How spring has blossomed in literature
This article is more than 7 years oldMistaken expectations, foolish illusions, dangerous liaisons … while spring is always keenly awaited in literature, its onset so often signifies troubleCarmina Burana (11th or 12th century)
Bawdy, boozy, brainy Latin poems by minstrels, rebel monks and scholars, best known as the lyrics to Carl Orff’s cantata; the first sequence evokes nature in spring, when “Flora reigns” and from the forest “the chorus of maidens / already promises a thousand joys. Ah!” Dream on, student poet.
Love’s Labour’s Lost by William Shakespeare (1590s)
The April as “cruellest month” tradition perhaps begins with the song “Spring” in this early romcom’s bleak coda: though anyway offset by the sister song “Winter”, it conjures vernal joys only to undercut them by hearing in the cuckoo’s call “a word of fear” that “mocks married men”, ie cuckold. (The season is also fearful in Julius Caesar, which opens with the pre-spring Lupercal festival and sees the dictator assassinated on 15 March).
Torrents of Spring by Ivan Turgenev (1872)
A young, posh Russian travelling in Germany falls head over heels in love not once but twice, and after the second fling both women (one a shopgirl, the other wealthy) sensibly shun him. Hemingway borrowed Turgenev’s title for a bizarre, spoof-ish novel even more sceptical about spring liaisons.
“Spring comes on the World” by Emily Dickinson (unknown, pub 1890)
April days are “hueless” to the author until “thou” – lover? Christ? inspiration? – come; just as “Blossoms stand negative” before a Bee’s arrival, when they are “Touched to Conditions / By a Hum”. Dickinson’s self-imaging as passive, awaiting pollination, is disconcerting; but is it just a wry and subtly sexy pose, as much a tactic as male poets playing the seducer?
“A Scandal in Bohemia” by Arthur Conan Doyle (1891)
A rare instance of Holmes in love, as a royal intrigue pits him against femme fatale Irene Adler, AKA “the woman”. It’s no accident that Watson tells us precisely that the case that occasions this awakening of desire - which became A Scandal in Belgravia in Sherlock - began on 20 March, 1888.
A Room with a View by EM Forster (1908)
Forster avoids naming the month when Lucy Honeychurch, holidaying in Florence, has her life-changing kiss with George Emerson; but it takes place in a field of spring-flowering violets, and a local beauty who joins the English tourists’ excursion is compared to the vernal goddess Persephone. For once in literature, spring’s disruptions are wholly beneficial.
“A Backward Spring” by Thomas Hardy (1917)
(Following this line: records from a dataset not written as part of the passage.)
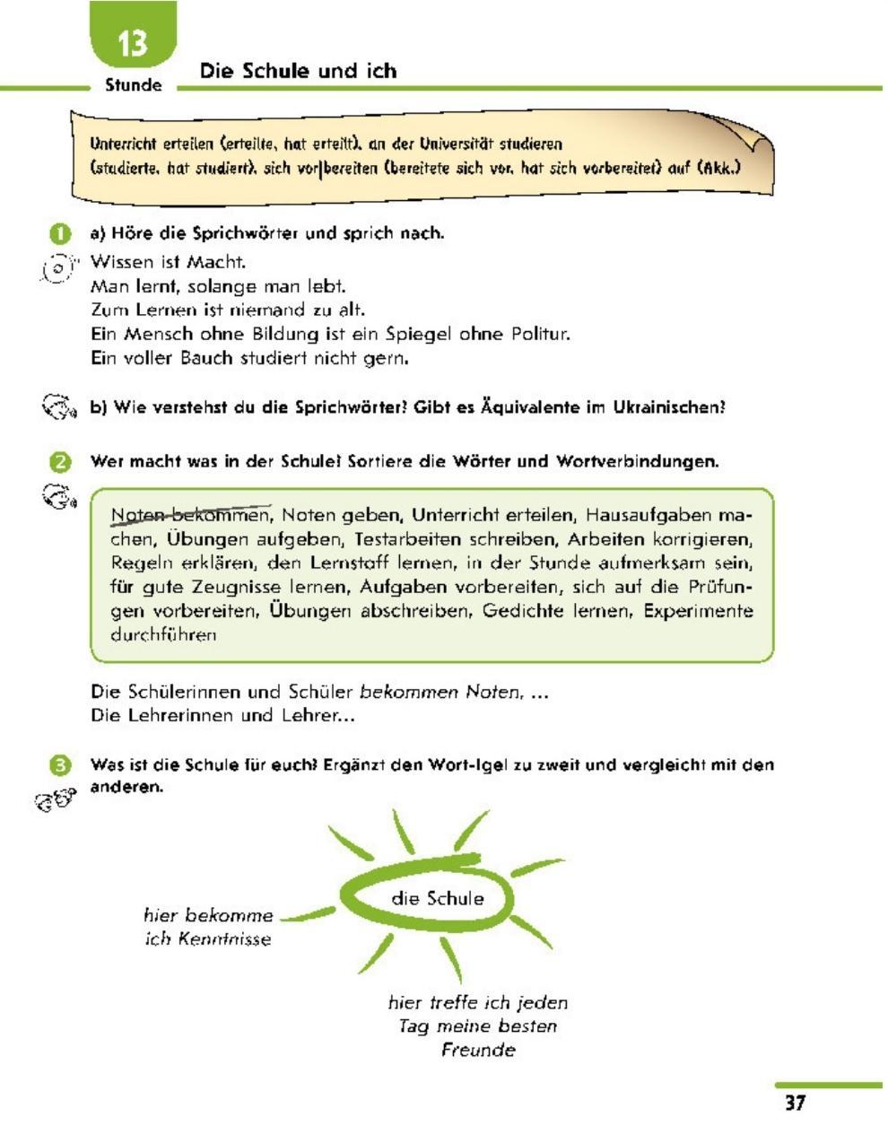Die Schülerinnen und Schüler bekommen Noten, machen Hausaufgaben, schreiben Testarbeiten, lernen den Lernstoff, sind in der Stunde aufmerksam, lernen für gute Zeugnisse, bereiten sich auf die Prüfungen vor, schreiben Übungen ab, lernen Gedichte .
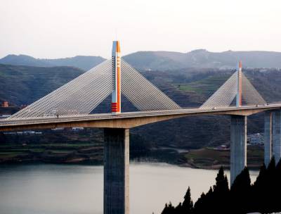 1月1日,郧阳汉江公路特大桥完成涂装。“郧十”高速公路汉江特大桥全长1031米,宽24.5米,双向4车道,主跨238米,为斜拉钢构组合体系桥梁,主塔塔墩高82.6米,桥面之上塔身高39.9米,水下深28米,大桥设计时速每小时80公里,总投资3.7亿元,大桥于2011年3月6日开工建设。 视界网周家山 摄
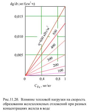 Скорость образования отложения А,мг/(см2Чч), зависит линейно от концентрации СFe, мг/кг, и от теплового потока q, Вт/м2, во второй степени
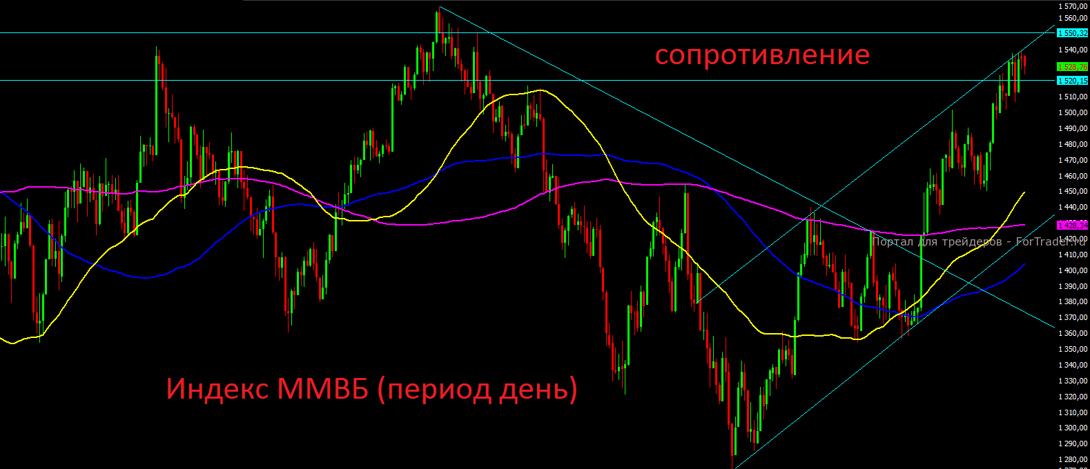 С технической точки зрения прекрасно видно как цена продолжает отбиваться от верхней границы восходящего канала и при закрытии любого дня ниже отметки 1510 пунктов созреют все предпосылки для коррекционного движения вниз в пределах 5% к нижней границе канала. Под давлением последние два дня находится именно нефтегазовый сектор в России на фоне укрепления рубля и снижения цен на нефть и если у продавцов дойдут руки и до акций Сбербанка, что скорее всего и случится сегодня, то движение вниз может ускориться.
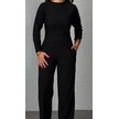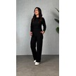 Kadın Uzun Kol Bisiklet Yaka Bürümcük Bluz Ve Pantolon Ikili Takım Siyah
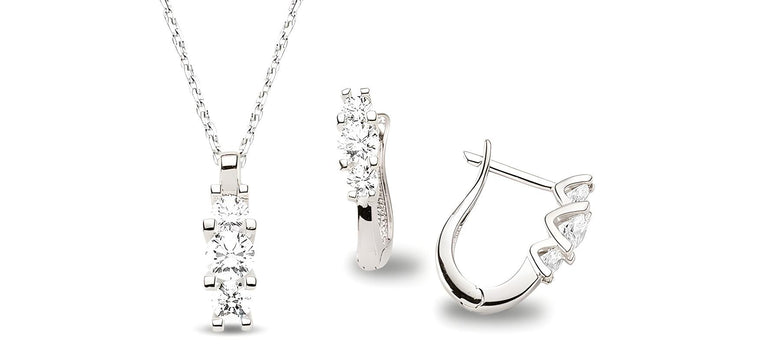 Elegantes Schmuckset aus 925er Silber mit Kette, Anhaenger und Creolen - besetzt mit Zirkonia-Steinen.
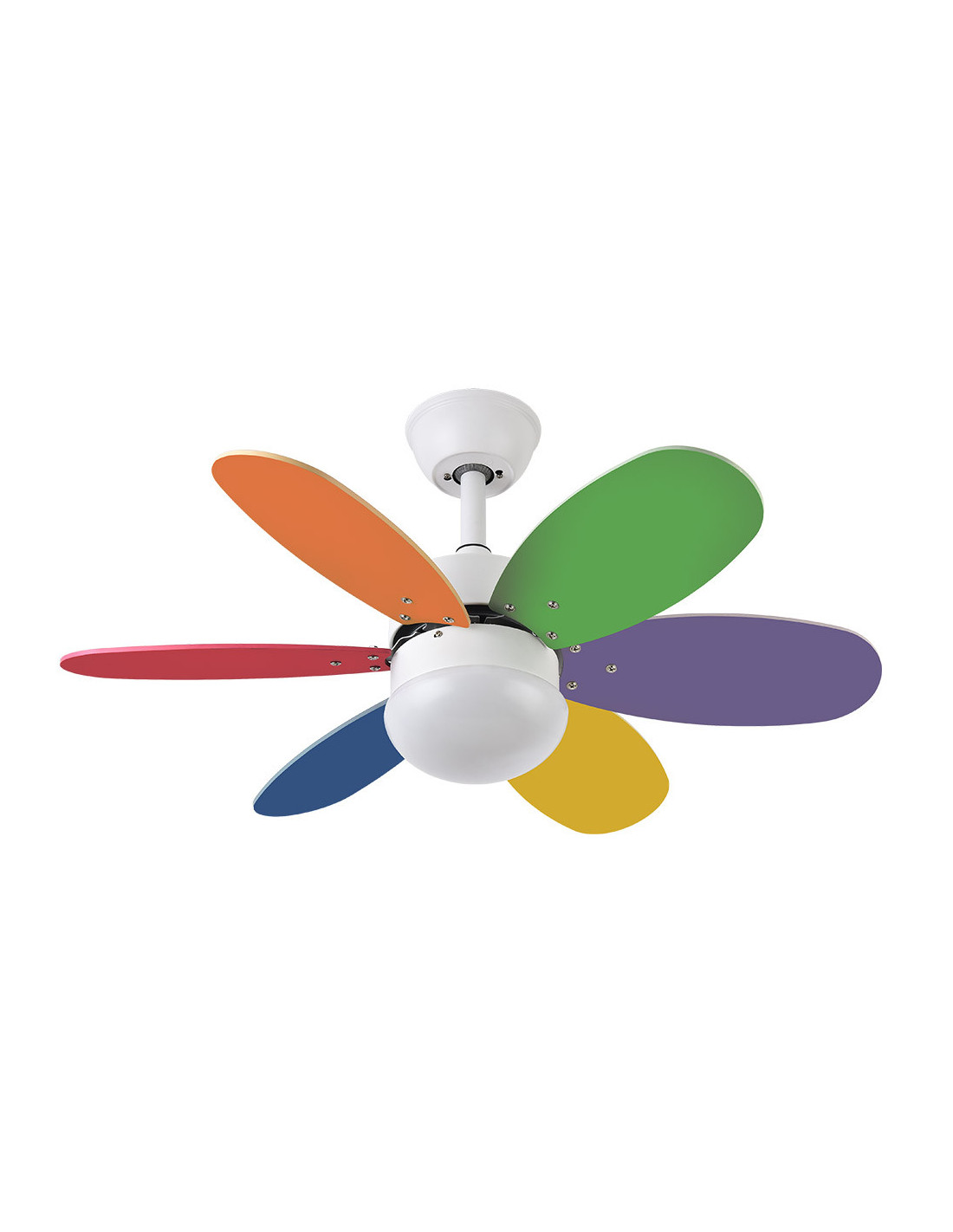 Ventilador DC serie ALVES de color BLANCO con cinco aspas REVERSIBLES en color PASTEL/INTENSO y seis velocidades. Sus dimensiones son 41x85x85 centímetros. Posee 2 portalámparas E27. Bombillas no incluidas. Tiene control remoto INCLUIDO con la opción verano/invierno y la opción de temporizador de 1 hasta 4 horas. El cuerpo del ventilador es de metal y policarbonato, y las aspas de MDF. Disponible también en color Níquel-Plata/Haya, Cuero-Cerezo/Nogal, Níquel-Wengué/Haya y Blanco-Blanco/Haya.

Hardy had depicted spring full blown in the May Day dance scene in Tess of the D’Urbervilles, but in this counter-romantic poem it’s tardy, tentative, anxious and very English: in contrast to Forster’s Italian meadow and Wordsworth’s “splendour in the grass”, “The trees are afraid to put forth buds, / And there is timidity in the grass”.
“Jeeves in Springtime” by PG Wodehouse (1921)
Spring means love means trouble again as Jeeves extracts Bingo Little from a disastrous romance (and Bertie from a disastrous shirt). Contains the classic exchange (referencing Tennyson): “In the spring, Jeeves, a livelier iris gleams upon the burnished dove.” “So I have been informed, sir.”
Nineteen Eighty-Four by George Orwell (1949)
“It was a bright cold day in April,” Orwell’s dystopian novel opens brilliantly, “and the clocks were striking thirteen.” In the month’s first week, its hero Winston Smith starts writing a diary, begins seeing Julia and fatally first imagines that his future nemesis O’Brien shares his dissident views.
The Beginning of Spring (1988) by Penelope Fitzgerald
Seen as Fitzgerald’s “masterpiece” by Robert McCrum, who gave it a place in his 100 best novels. In Moscow in pre-revolutionary 1913, Russians await the end of tsarist autocracy, and British expat Frank falls unwisely for mysterious Lisa while awaiting his estranged wife’s return.